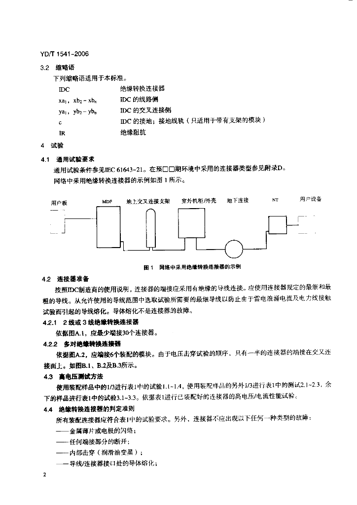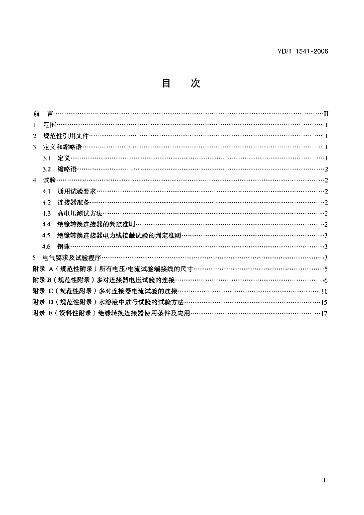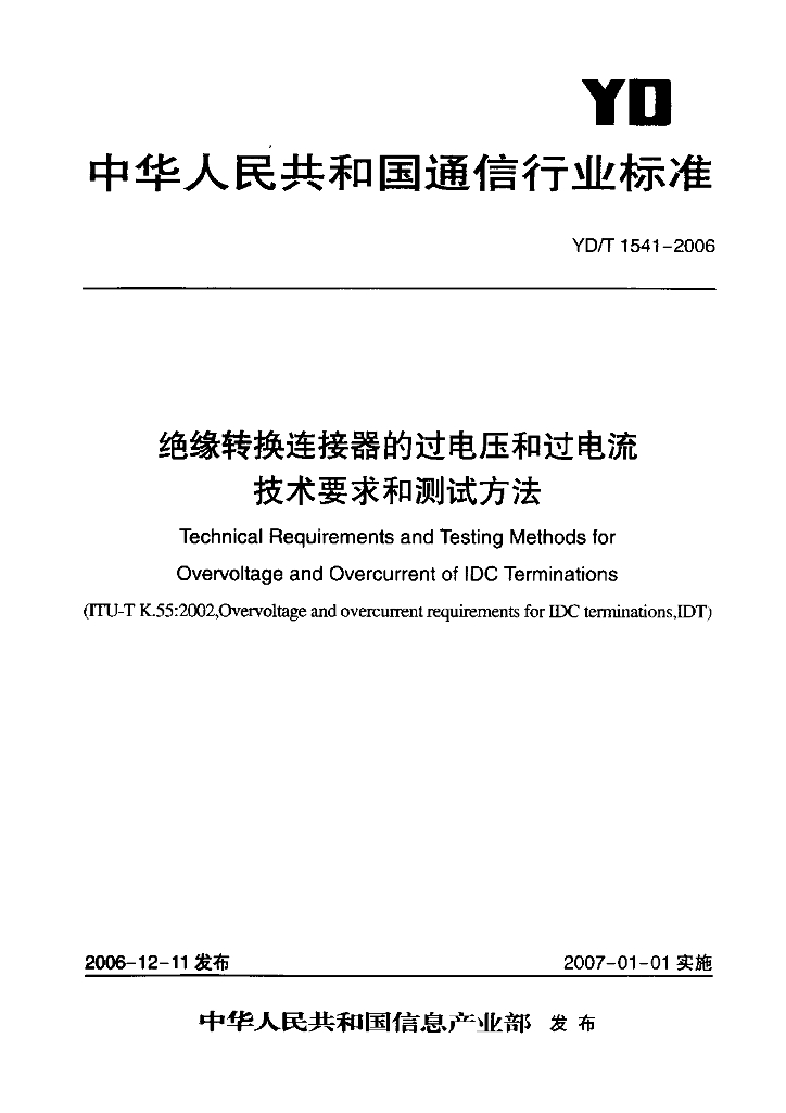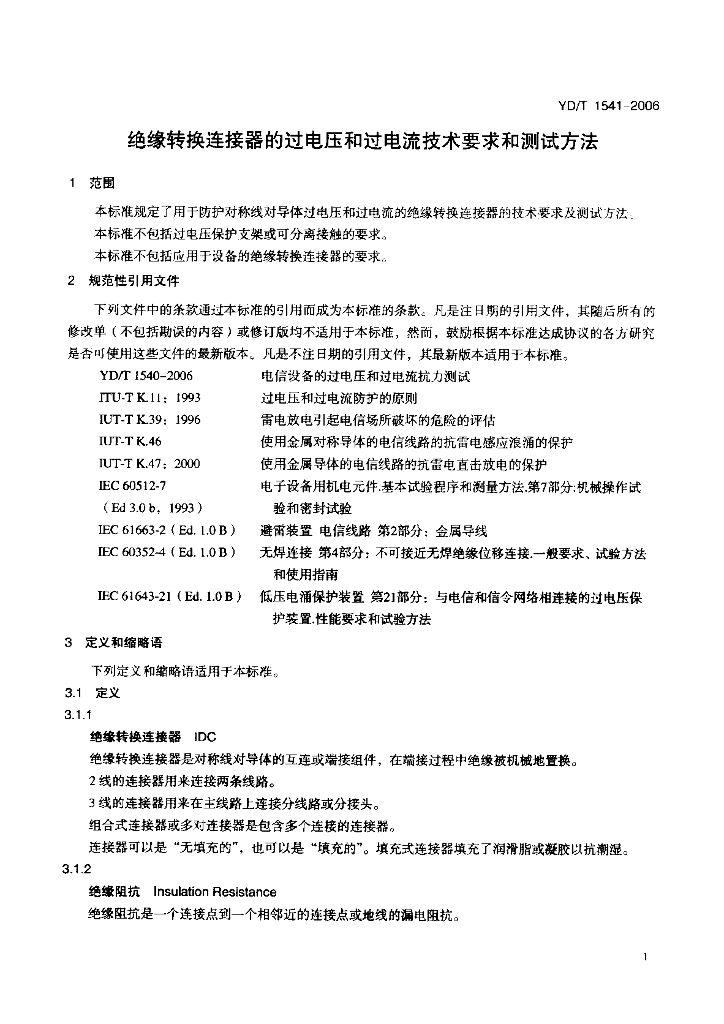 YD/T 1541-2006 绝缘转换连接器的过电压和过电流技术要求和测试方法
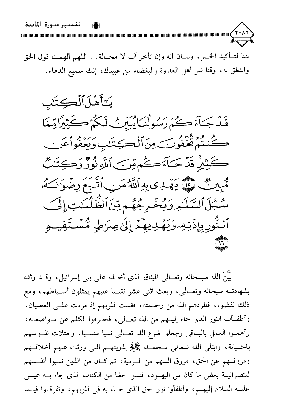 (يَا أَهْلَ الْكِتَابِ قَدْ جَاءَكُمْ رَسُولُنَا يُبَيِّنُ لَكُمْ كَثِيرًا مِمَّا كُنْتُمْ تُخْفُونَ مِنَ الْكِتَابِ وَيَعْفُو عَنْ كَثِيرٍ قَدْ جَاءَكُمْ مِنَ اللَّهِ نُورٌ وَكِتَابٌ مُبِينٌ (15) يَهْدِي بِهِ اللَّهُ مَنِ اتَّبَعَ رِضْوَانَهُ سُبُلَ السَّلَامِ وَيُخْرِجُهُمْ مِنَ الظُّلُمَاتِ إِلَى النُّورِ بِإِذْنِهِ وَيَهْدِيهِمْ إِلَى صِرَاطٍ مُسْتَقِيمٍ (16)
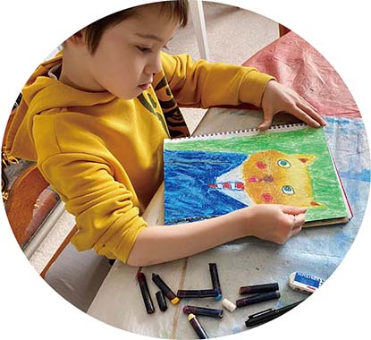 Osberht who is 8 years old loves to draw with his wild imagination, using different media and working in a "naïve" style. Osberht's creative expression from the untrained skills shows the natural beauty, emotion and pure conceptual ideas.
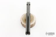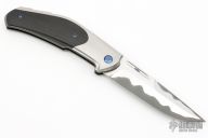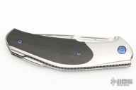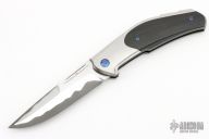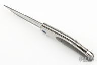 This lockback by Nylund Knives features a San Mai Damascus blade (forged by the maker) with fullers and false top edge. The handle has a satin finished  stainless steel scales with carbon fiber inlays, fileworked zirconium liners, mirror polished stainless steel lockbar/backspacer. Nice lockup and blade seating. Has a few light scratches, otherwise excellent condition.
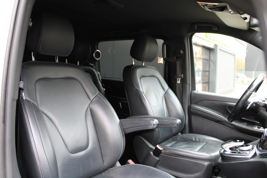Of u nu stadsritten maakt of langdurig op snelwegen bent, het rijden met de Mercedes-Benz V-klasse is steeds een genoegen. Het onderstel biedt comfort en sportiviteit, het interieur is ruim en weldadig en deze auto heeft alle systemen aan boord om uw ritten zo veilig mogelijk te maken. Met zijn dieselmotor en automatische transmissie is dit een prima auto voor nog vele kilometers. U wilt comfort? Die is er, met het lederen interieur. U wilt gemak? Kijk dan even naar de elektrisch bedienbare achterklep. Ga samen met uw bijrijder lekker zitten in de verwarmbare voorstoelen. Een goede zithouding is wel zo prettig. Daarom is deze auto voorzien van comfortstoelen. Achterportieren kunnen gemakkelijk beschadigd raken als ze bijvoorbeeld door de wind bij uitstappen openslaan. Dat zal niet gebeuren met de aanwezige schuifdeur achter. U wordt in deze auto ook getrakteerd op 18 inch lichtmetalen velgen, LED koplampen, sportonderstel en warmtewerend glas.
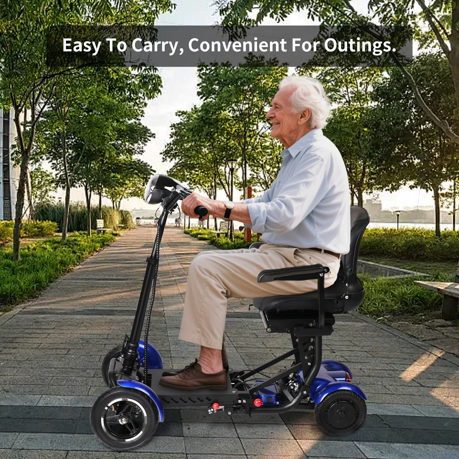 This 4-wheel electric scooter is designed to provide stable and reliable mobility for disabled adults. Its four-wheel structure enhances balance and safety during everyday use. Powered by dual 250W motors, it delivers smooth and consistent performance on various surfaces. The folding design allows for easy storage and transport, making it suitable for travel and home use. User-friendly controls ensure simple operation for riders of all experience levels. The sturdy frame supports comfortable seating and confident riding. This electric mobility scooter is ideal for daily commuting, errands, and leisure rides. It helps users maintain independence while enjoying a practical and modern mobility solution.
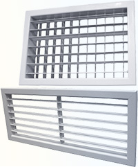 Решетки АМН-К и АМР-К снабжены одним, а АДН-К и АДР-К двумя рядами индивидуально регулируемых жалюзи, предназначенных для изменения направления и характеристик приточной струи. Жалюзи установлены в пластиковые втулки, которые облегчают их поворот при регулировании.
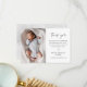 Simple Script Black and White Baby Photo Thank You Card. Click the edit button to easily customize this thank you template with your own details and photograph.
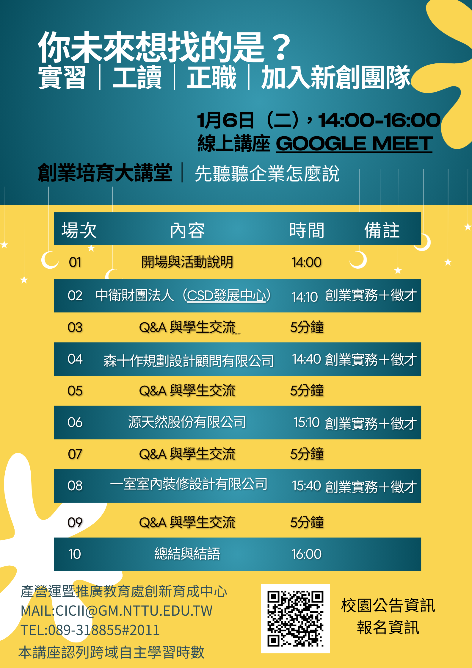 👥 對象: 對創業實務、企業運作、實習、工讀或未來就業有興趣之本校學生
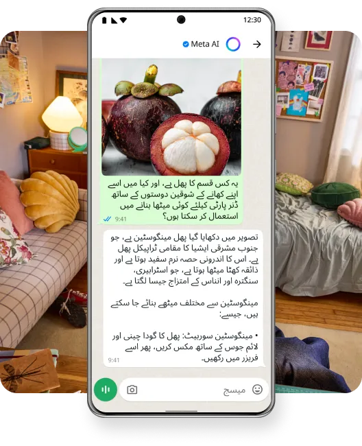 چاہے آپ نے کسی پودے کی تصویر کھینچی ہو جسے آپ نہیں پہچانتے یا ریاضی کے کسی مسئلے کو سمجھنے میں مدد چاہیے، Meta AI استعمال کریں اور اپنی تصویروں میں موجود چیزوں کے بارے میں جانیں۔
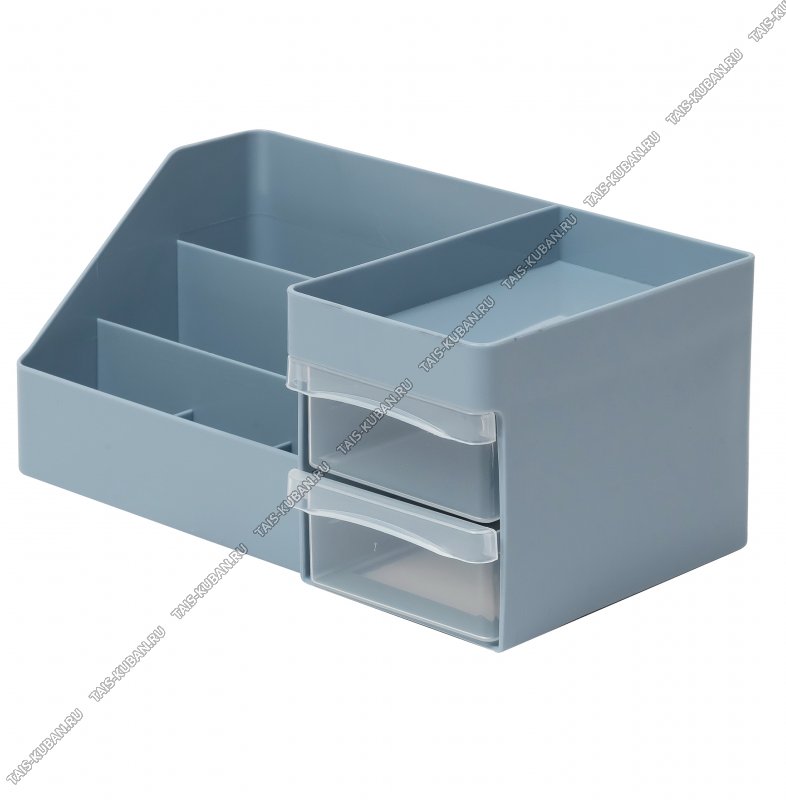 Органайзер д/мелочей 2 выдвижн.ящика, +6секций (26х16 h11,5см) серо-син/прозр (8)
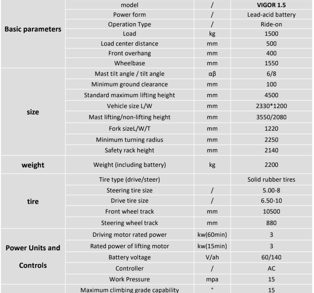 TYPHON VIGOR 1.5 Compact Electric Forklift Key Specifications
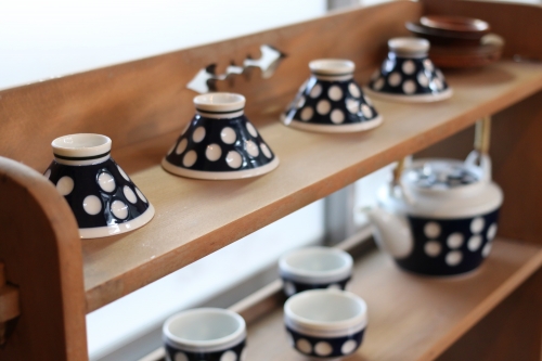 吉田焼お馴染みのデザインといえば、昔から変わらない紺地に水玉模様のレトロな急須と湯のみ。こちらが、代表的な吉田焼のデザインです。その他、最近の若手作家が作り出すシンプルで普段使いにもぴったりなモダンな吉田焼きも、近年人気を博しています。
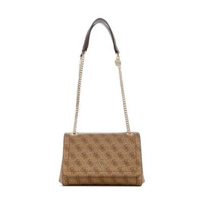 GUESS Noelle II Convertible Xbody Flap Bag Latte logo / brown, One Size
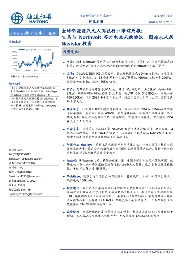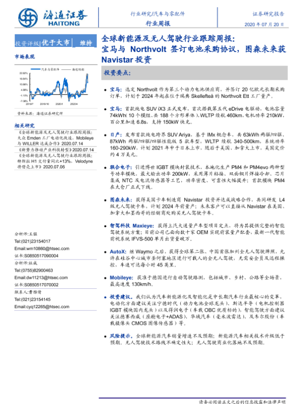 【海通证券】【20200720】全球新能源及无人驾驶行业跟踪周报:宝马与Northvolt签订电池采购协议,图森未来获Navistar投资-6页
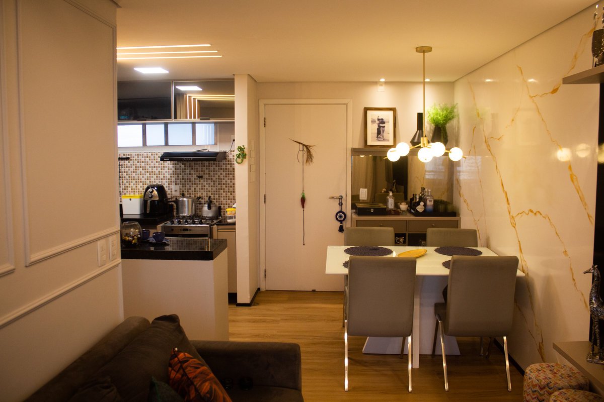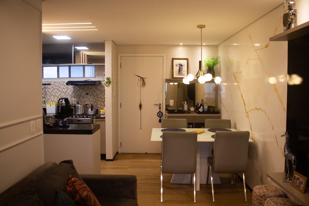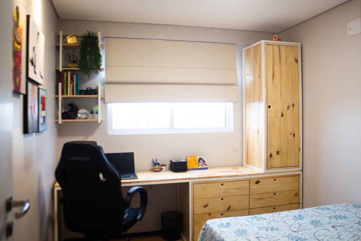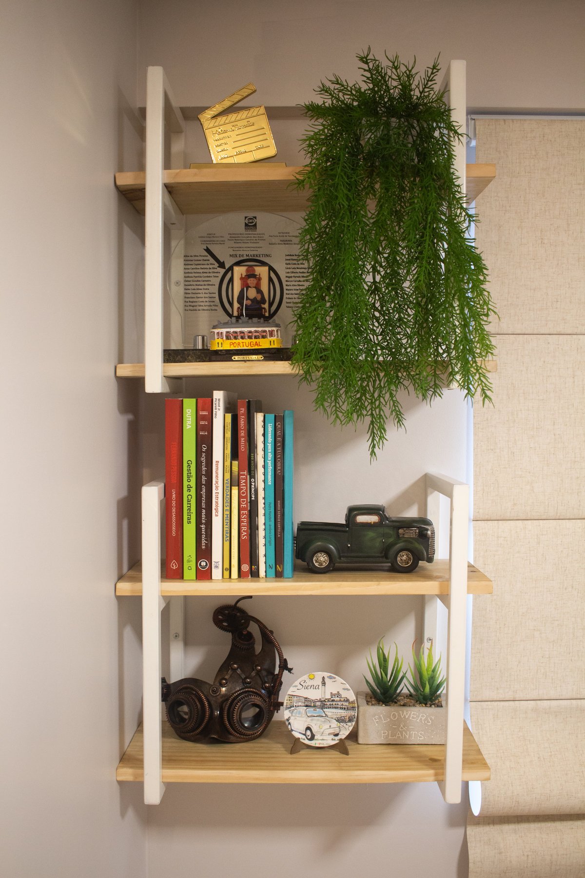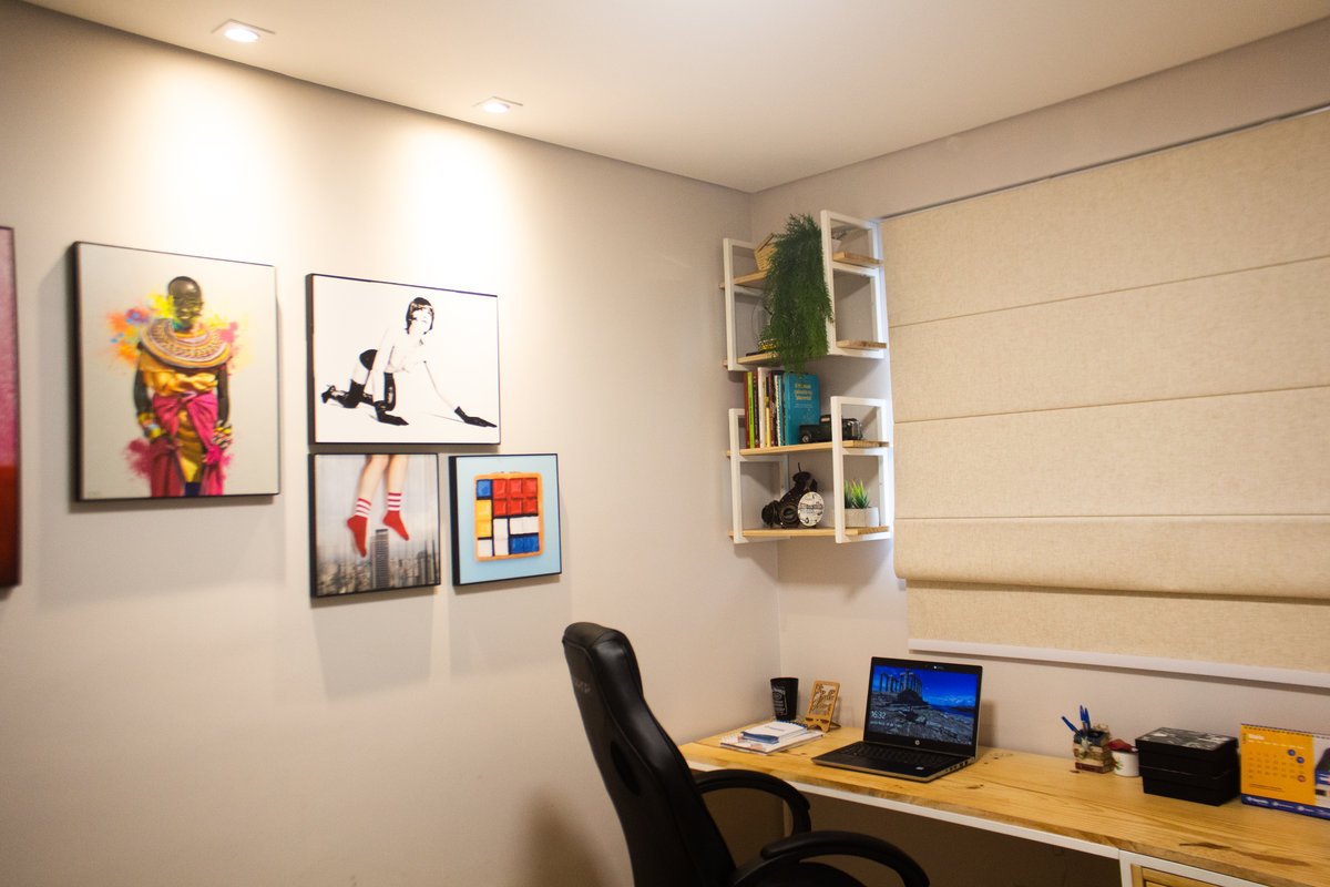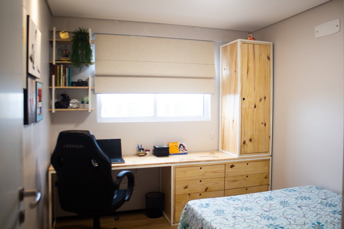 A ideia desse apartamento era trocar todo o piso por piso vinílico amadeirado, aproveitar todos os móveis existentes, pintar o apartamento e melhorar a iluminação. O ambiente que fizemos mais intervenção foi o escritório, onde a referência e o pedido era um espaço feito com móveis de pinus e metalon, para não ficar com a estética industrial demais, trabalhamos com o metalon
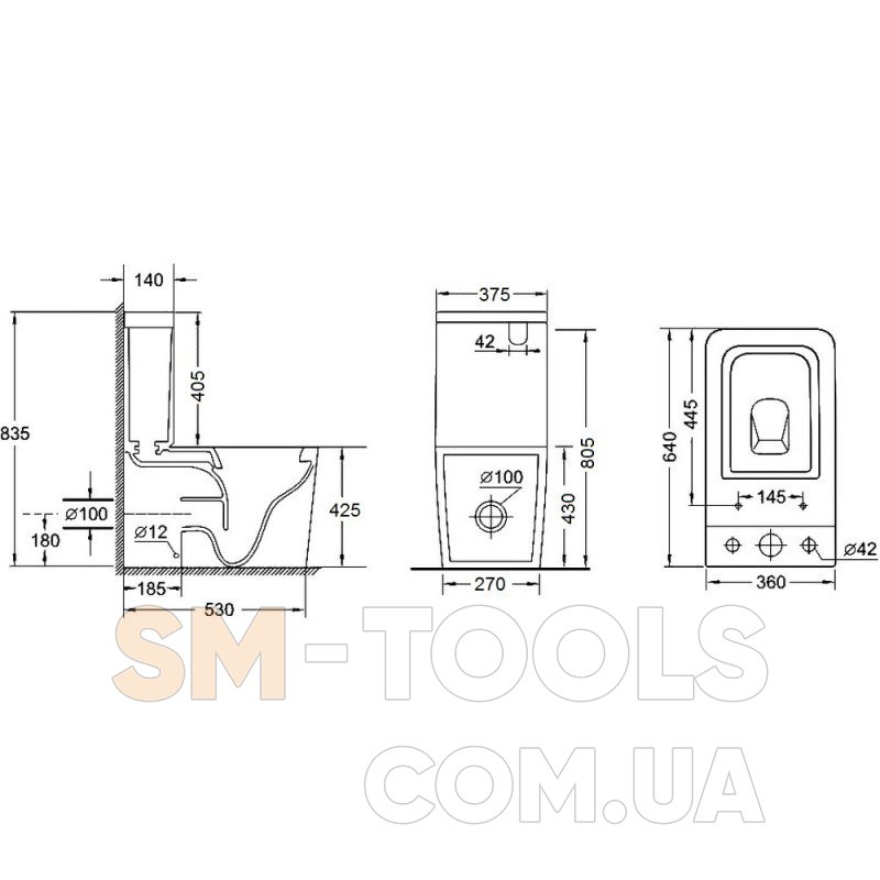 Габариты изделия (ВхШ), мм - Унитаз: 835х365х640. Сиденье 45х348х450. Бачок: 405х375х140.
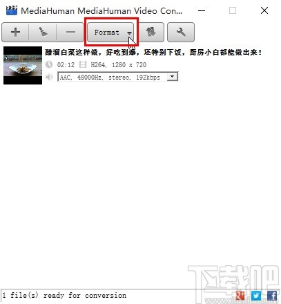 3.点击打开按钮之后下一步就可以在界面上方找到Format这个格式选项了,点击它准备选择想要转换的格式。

───

Task requirements
Copy the final stretch of lines, starting at the one that holds "TYPHON VIGOR 1.5" and ending at the last line of the data, exactly; omit pictures.

Exercise result
 TYPHON VIGOR 1.5 Compact Electric Forklift Key Specifications
 吉田焼お馴染みのデザインといえば、昔から変わらない紺地に水玉模様のレトロな急須と湯のみ。こちらが、代表的な吉田焼のデザインです。その他、最近の若手作家が作り出すシンプルで普段使いにもぴったりなモダンな吉田焼きも、近年人気を博しています。
 GUESS Noelle II Convertible Xbody Flap Bag Latte logo / brown, One Size
 【海通证券】【20200720】全球新能源及无人驾驶行业跟踪周报:宝马与Northvolt签订电池采购协议,图森未来获Navistar投资-6页
 A ideia desse apartamento era trocar todo o piso por piso vinílico amadeirado, aproveitar todos os móveis existentes, pintar o apartamento e melhorar a iluminação. O ambiente que fizemos mais intervenção foi o escritório, onde a referência e o pedido era um espaço feito com móveis de pinus e metalon, para não ficar com a estética industrial demais, trabalhamos com o metalon
 Габариты изделия (ВхШ), мм - Унитаз: 835х365х640. Сиденье 45х348х450. Бачок: 405х375х140.
 3.点击打开按钮之后下一步就可以在界面上方找到Format这个格式选项了,点击它准备选择想要转换的格式。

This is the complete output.